MATERIAL FOR THIS EXERCISE —
══════

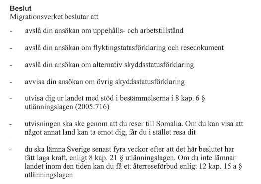 Mannen påstod att Al-Shabaab vill straffa honom därför att han deserterade från terrororganisationen. Migrationsverket bedömde dock att det inte finns någon allvarlig risk för repressalier från Al-Shabaab mot mannen eftersom en stor del av Somalia, inklusive huvudstaden Mogadishu, är befriad från grupperingen – därför finns en möjlighet för intern flykt.
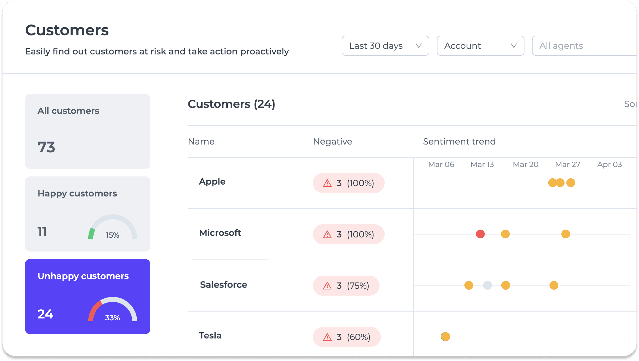 Proactively monitor customer sentiment trend
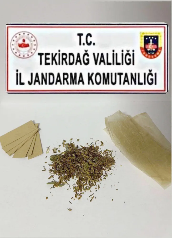 Tekirdağ İl Jandarma Komutanlığınca Şarköy ilçesi Mürefte Mahallesi’nde E.T. isimli şahsın yapılan kaba üst aramasında, 1 adet uyuşturucu madde öğütme aparatı, 1 adet sarma kağıdı ele geçirildi.
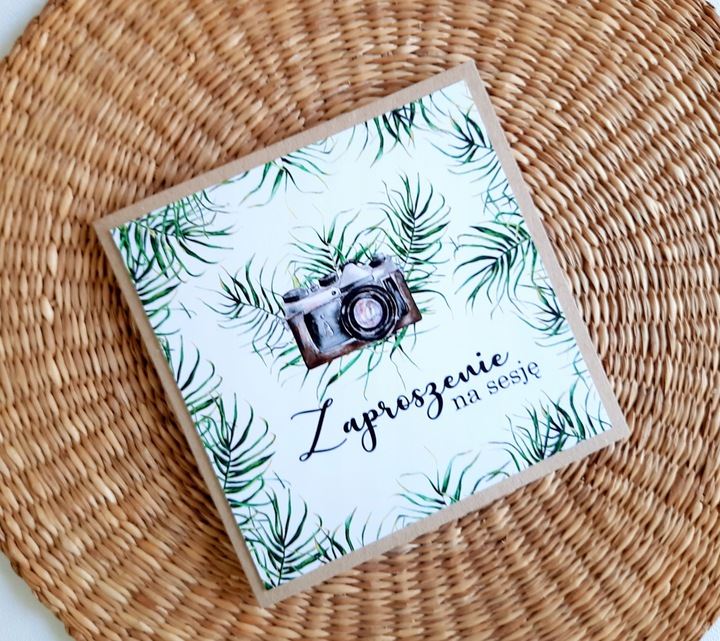 Zaproszenia na sesję na podkładzie eko z motywem graficznym. Format 14cm.
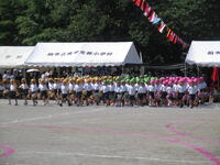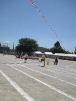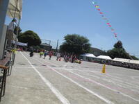 最後は、紅白対抗リレー。今年度は低学年リレーも加わりました。子供たちも走者ごとに入れ代わる順位に大いに盛り上がりました。
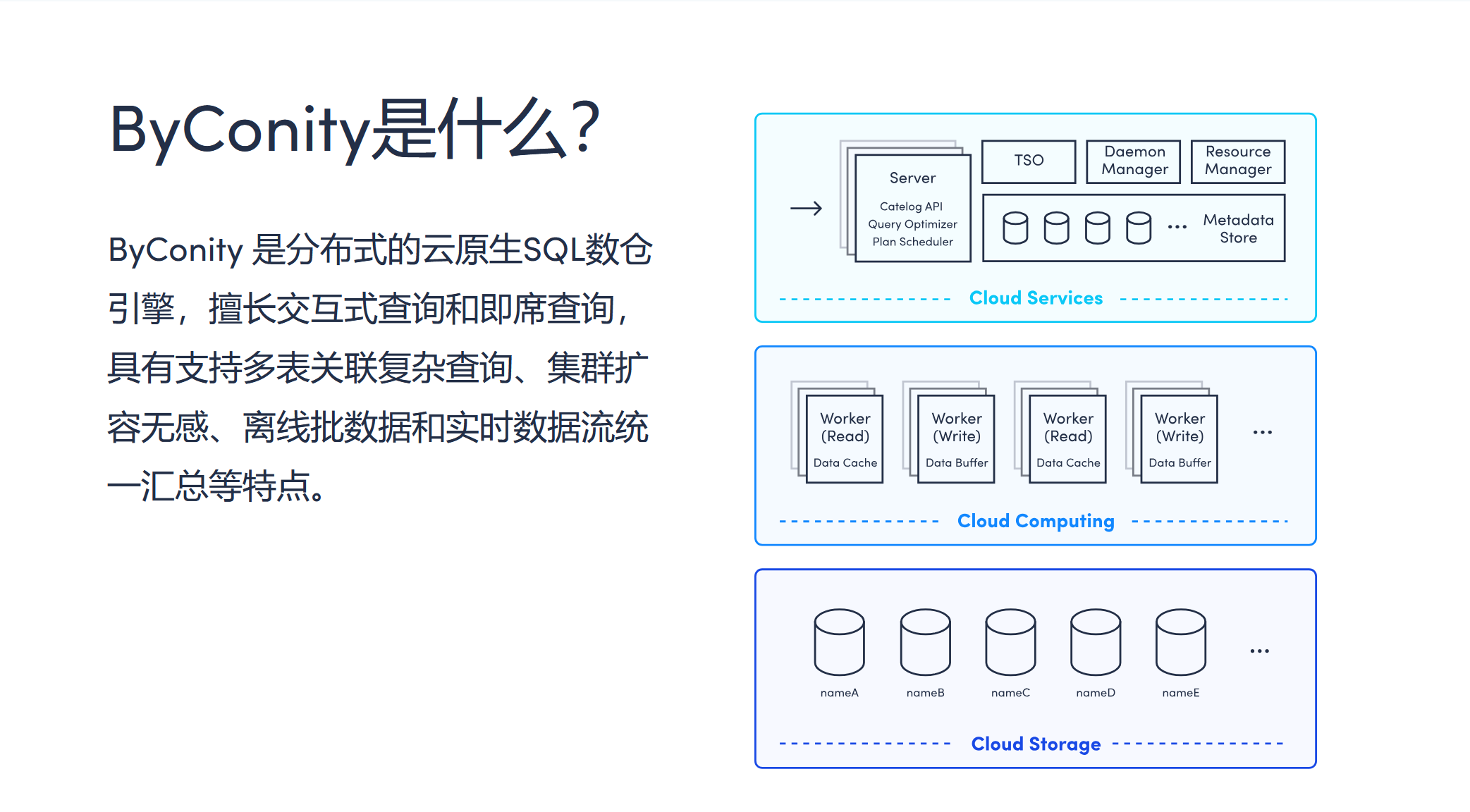 ByConity 是分布式的云原生SQL数仓引擎,擅长交互式查询和即席查询,具有支持多表关联复杂查询、集群扩容无感、离线批数据和实时数据流统一汇总等特点。
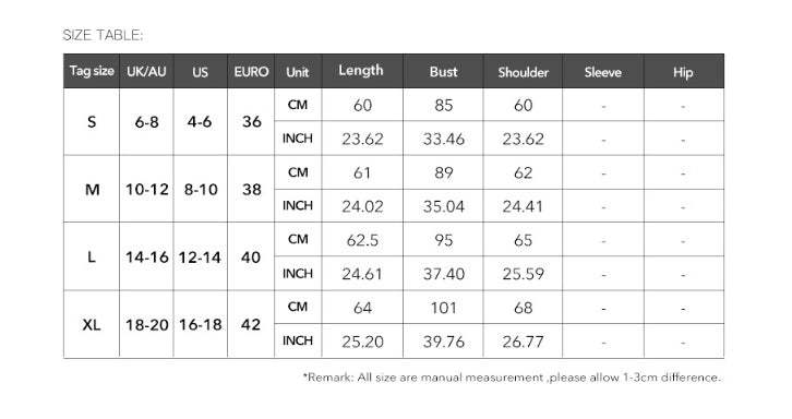 Please keep in mind that Asian sizes are generally 1 to 2 sizes smaller than European and American sizes. If you're between sizes, it's advisable to choose the larger size. Allow for a 2-3cm difference due to manual measurement. Check the size chart carefully before purchasing. If you need assistance, don’t hesitate to reach out to our customer service.
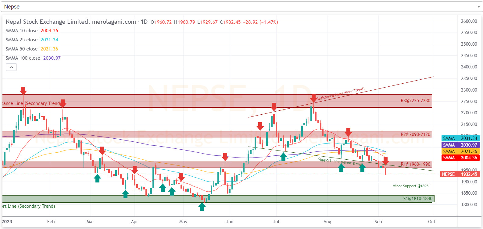 गत साता नेप्से परिसूचक १९६० देखि १९९० को प्रतिरोध क्षेत्र नजिक बन्द भएको छ। अघिल्लो साताको टेवा क्षेत्रलाई तोडेर गत साता नेप्से परिसूचक ओरालो लागेसँगै सो क्षेत्र यस साताको लागि प्रतिरोध क्षेत्र बनेको हो। यस साता नेप्से परिसूचक ओरालो लागेमा १८१० देखि १८४० को क्षेत्रमा टेवा पाउने देखिन्छ। त्यस्तै, १८९५ मा पनि नेप्सेले सानो सपोर्ट पाउने देखिन्छ।
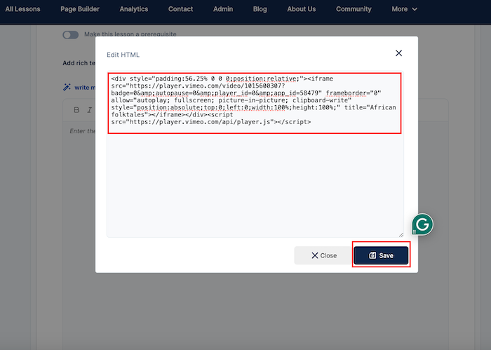 These same steps apply to pasting video lesson embed codes from Loom, Wistia, and other platforms.
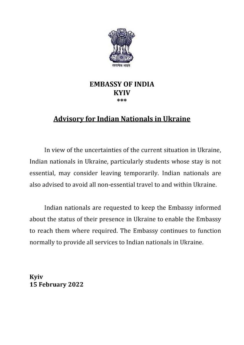 #Indian Embassy Issues Advisory On Ukraine-Russia Conflict, Asks Nationals To Evacuate
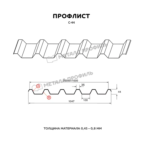 Профилированный лист С-44 может быть использован практически в любых сферах строительства. Этот профиль в равной степени востребован как в гражданском секторе, так и на индустриальных объектах. Профилированный лист с глубиной гофры 44 мм характеризуется очень высокими несущими показателями. Это самый высокий из профилей с наименованием С – «стеновой». Он незаменим, если вам необходимо: соорудить подсобные помещения, сделать кровельное покрытие, поставить забор, установить стены и перегородки в щитовых зданиях. Помимо этого С-44 отличается подходящей прочностью для строительства каркасов зданий и несъёмной опалубки для железобетона. Профиль С-44 смело можно применять в областях с суровым климатом. Стороны этого профиля несимметричны. Верхняя часть (А) имеет более ритмичный рисунок из узких полочек и рекомендована для кровли. Сторона В смотрится более монолитно, подходит для всех остальных сфер применения.Покрытие Полиэстер:
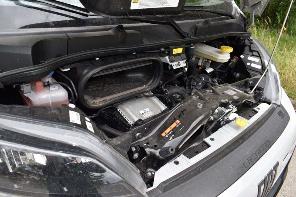 Místo dřívější volby mezi 37 a 70kWh akumulátorem je nyní dodávána pouze jedna verze se 110 kWh pro dojezd 424 km. Tomu pomáhá rekuperace s nastavitelným účinkem ve čtyřech intenzitách. Nabíjení je možné prostřednictvím 11kW palubní nabíječky, která akumulátor plně nabije za 11 hodin a 45 minut. DC stanice se 150 kW dostane E-Ducato na 80 % za 55 minut. Během pracovního dne řidiče podpoří sledování únavy, čtení dopravnách značek, udržování v jízdním pruhu, inteligentní omezovač rychlosti a protikolizní asistent s detekcí chodců a cyklistů.
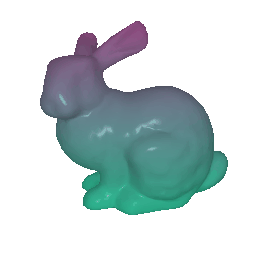 I used the classic Stanford Bunny (OBJ without MTL) and added a playful effect: a subtle “breathing” displacement along vertex normals plus animated procedural colors.
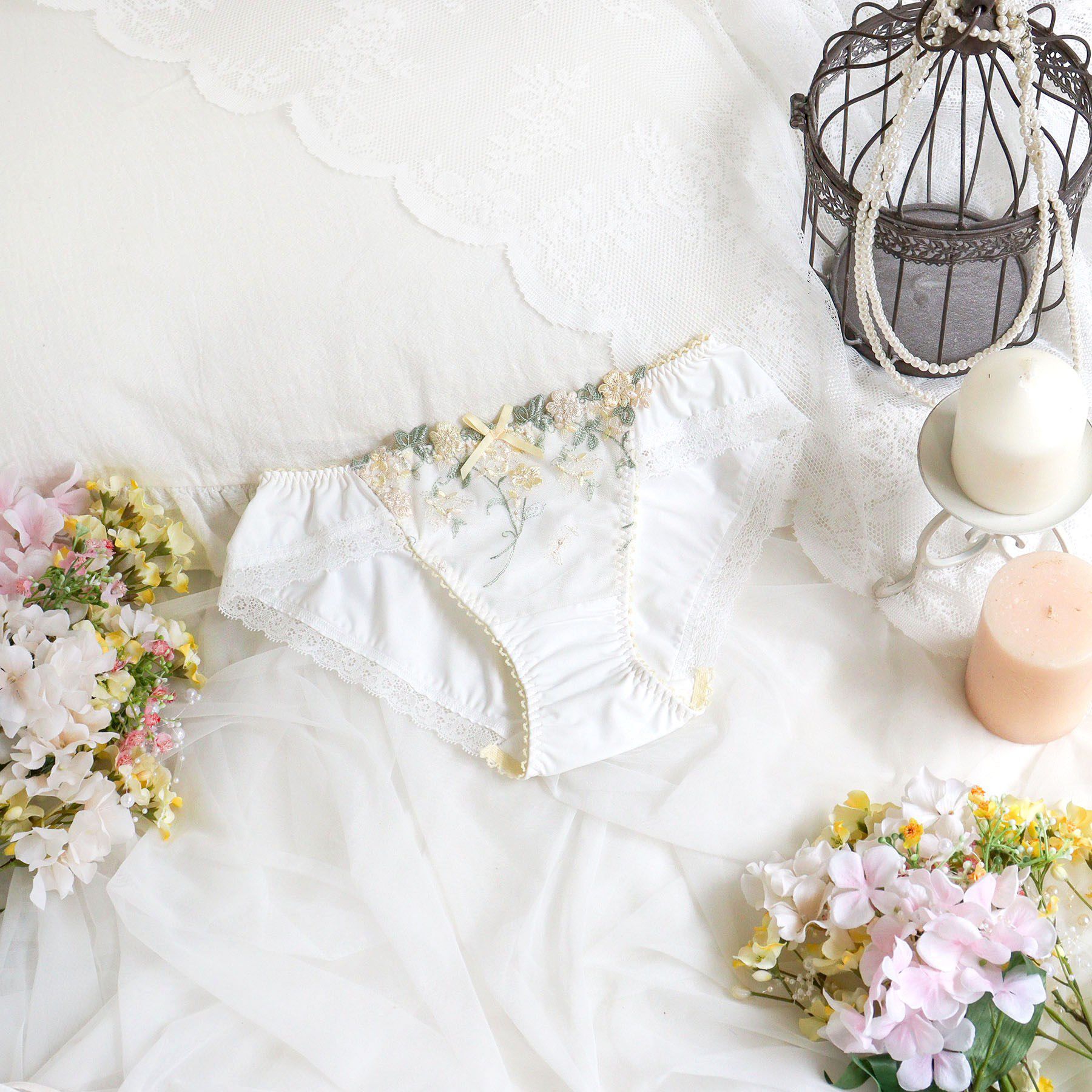 【軽やかに舞う花びらのきらめき】ひらりと舞う花びらをイメージした、エアリーなシリーズです。ラフなタッチで刺しゅうされた花々が重なり合うレースは、あえ.. |
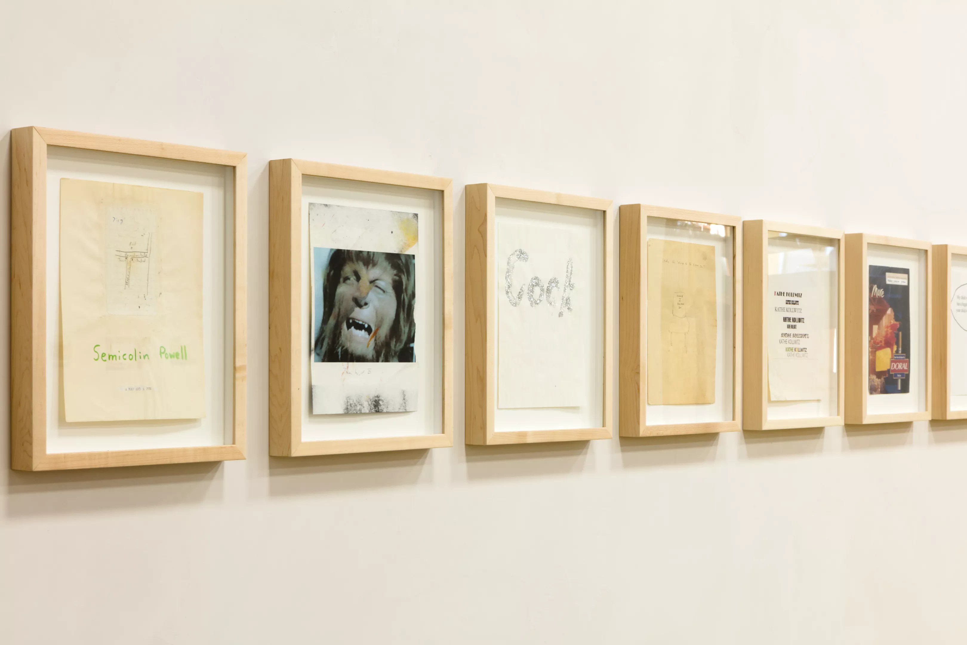 Mitchell chose the 24 drawings on view at The Box Company from about 150 drawings Schwarz had in his studio. (Of course, there are a couple hundred more floating around in collectors’ homes.) Schwarz also had quite a few collages of product packaging for Mitchell to choose from.

══════

HOW TO COMPLETE THIS TASK —
Leaving out each picture, repeat exactly the lines above from the one that contains "Proactively monitor customer sentiment trend" through the one that contains "Zaproszenia na sesję".

WORKED SOLUTION —
 Proactively monitor customer sentiment trend
 Tekirdağ İl Jandarma Komutanlığınca Şarköy ilçesi Mürefte Mahallesi’nde E.T. isimli şahsın yapılan kaba üst aramasında, 1 adet uyuşturucu madde öğütme aparatı, 1 adet sarma kağıdı ele geçirildi.
 Zaproszenia na sesję na podkładzie eko z motywem graficznym. Format 14cm.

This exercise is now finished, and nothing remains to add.